Edited by Dr. Paul Gottfried (Raffensperger Professor of Humanities, Emeritus, Elizabethtown College), the magazine includes some of the finest writers of the Old or Traditionalist conservative persuasion in the Anglosphere. And recently, Chronicles, which has been consistently favorable to the heritage and traditions of the South, has published even more quality essays by and on Southerners.

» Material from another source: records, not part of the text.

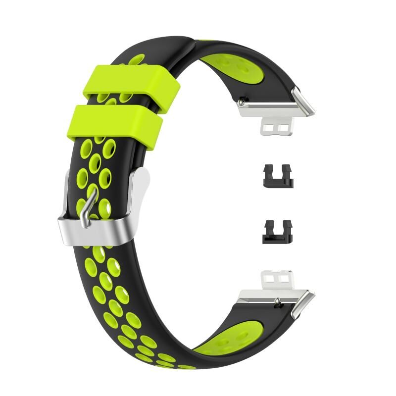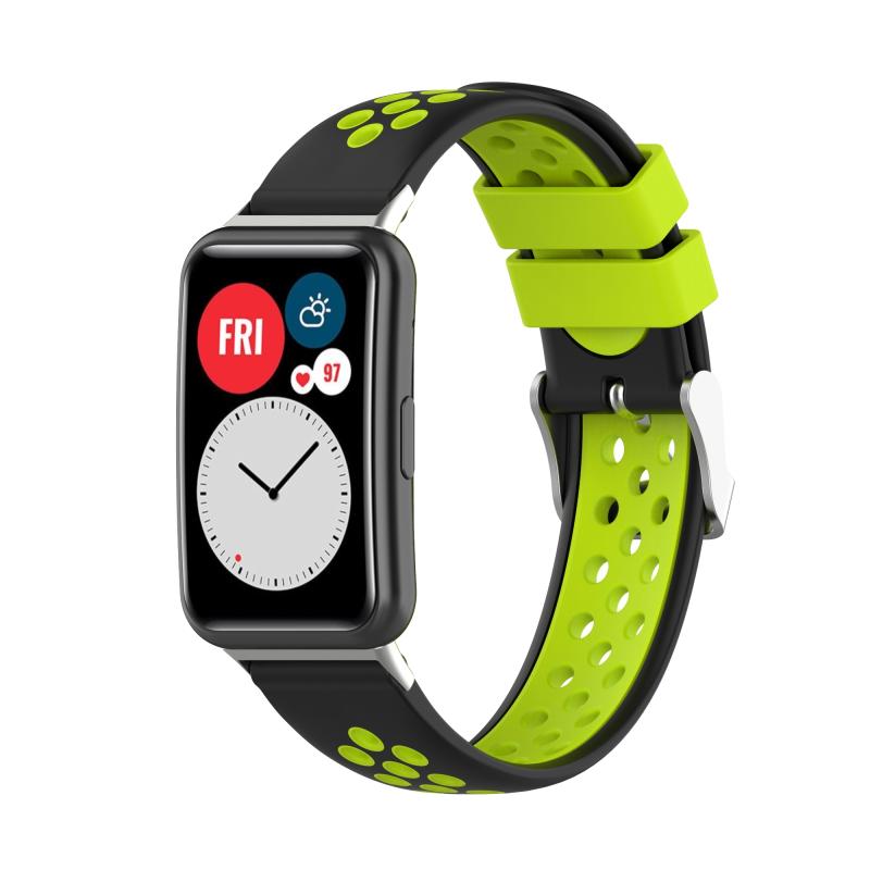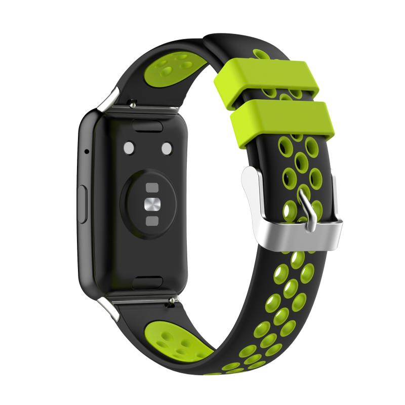 For Huawei Watch Fit 18mm Clasp Style Silicone Two-color Watch Band(Black+Green)
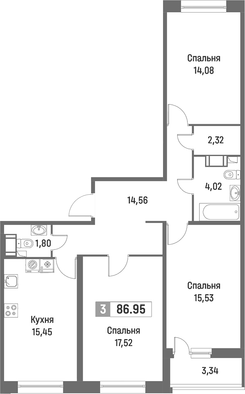 - Площадь86,95 м2
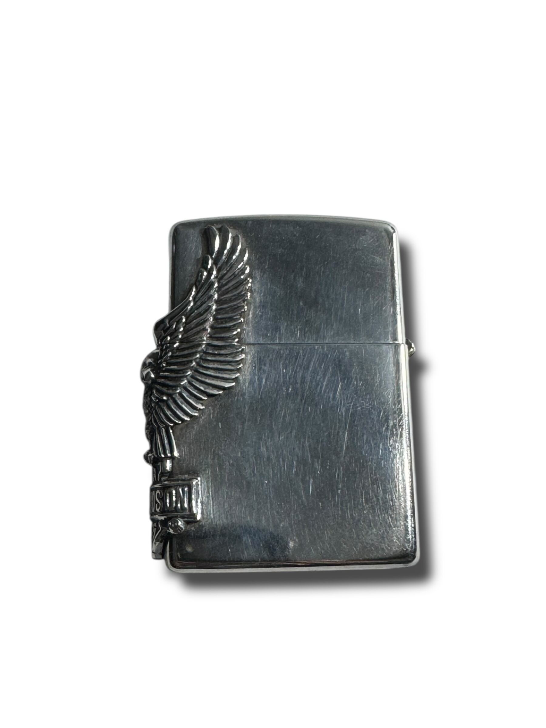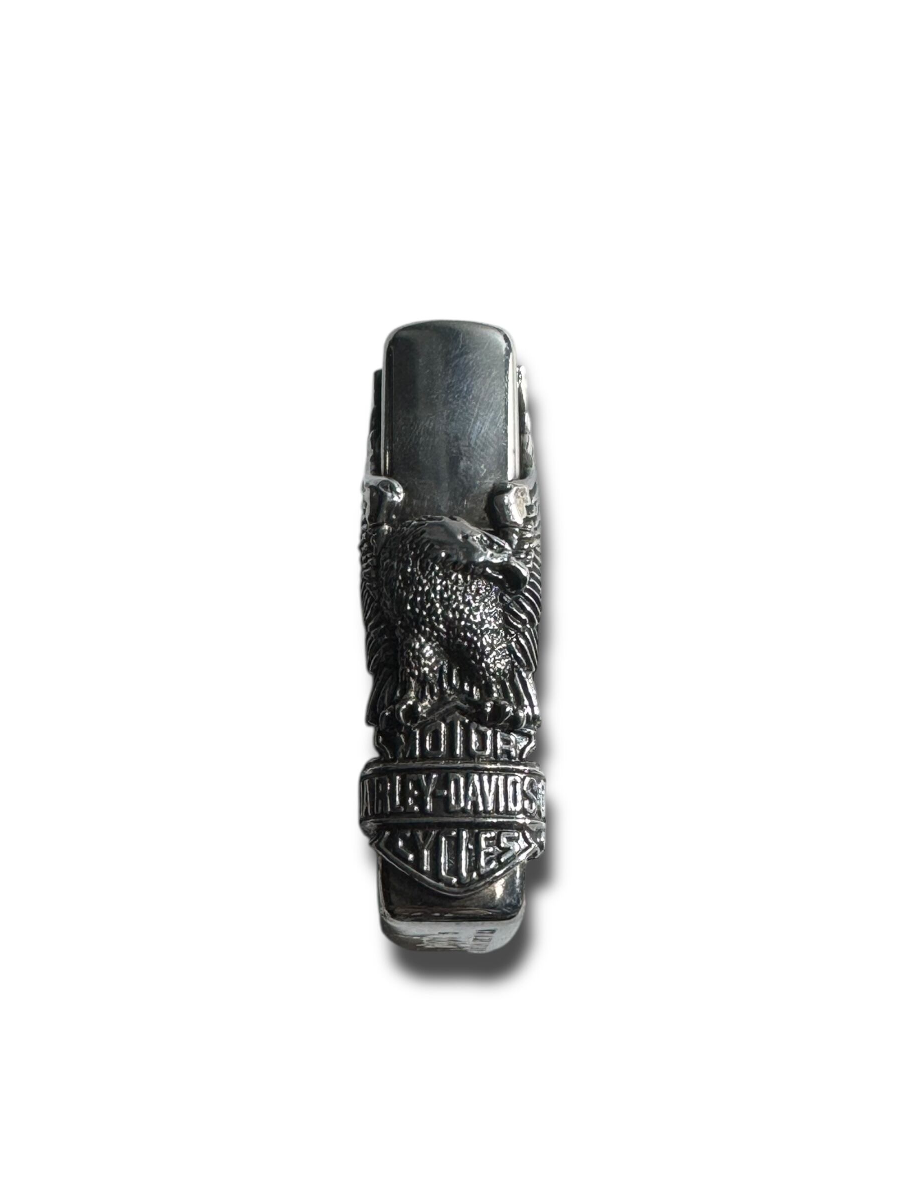 ハーレーダビッドソンのモーターヘッドエンブレムに加え、細かく繊細に描かれた鷹のデザインが魅力を増すオイルジッポライター‼️

Early this year the magazine inaugurated a series –“Remembering….”—which undertakes to recover the thinking and wisdom of various writers, many of them from the South, who contributed mightily to American history and culture, but who, largely due to the dominance nationally of the anti-Southern Neoconservatives, have been neglected or exiled from the public square.
In the December 2019 issue, for example, Chronicles featured fascinating appreciations of Mel Bradford (by Clyde Wilson), Robert Lewis Dabney (by Zachary Garris), and an introductory essay by Gottfried titled, “Remembering the Right.” Subsequent issues have featured an appreciation of the late historian Eugene Genovese (by Robert Paquette, a Genovese amanuensis, in the January 2020 issue) and Tar Heel writer Richard Weaver (by Jay Langdale, in the February 2020 issue).
Chronicles has never been afraid to address controversial issues from a traditionalist point of view, and thus go against the grain of our consumerist and authoritarian gate keepers who now control the establishment Conservative Movement and who accept far too many precepts and agenda points of the looney Left. An excellent example of this intelligent and thoughtful non-conformity—this “emperor-has-no-clothes” approach to the intellectual bankruptcy of “Conservatism Inc.”—is the February 2020 issue, which not only has the Weaver appreciation but several other significant contributions that every thinking Southerner would do well to search out.
A major contribution is Dr. Brion McClanahan’s superb critique of the latest initiative of the fanatically “woke” Leftwing historical establishment, “The 1619 Project,” which attempts to frame all of American history in the terms of race as the pivotal benchmark in the development of this continent since the first African slave stepped off the boat. McClanahan’s essay is a masterful response that demolishes the very basis of “the project.” Another essay by him in the same issue, “The Reinvention of Reconstruction,” demonstrates how Reconstruction and it policies were renewed as an ideological platform for both historians and politicians in the 1960s, and how this ideology has come to dominate all discussion about the War Between the States, about civil rights (expanding beyond simple laws on accommodation or voting, to such extremes as same sex marriage and a race-consciousness in nearly aspect of American life), and the virtual excommunication of anyone who would question that narrative.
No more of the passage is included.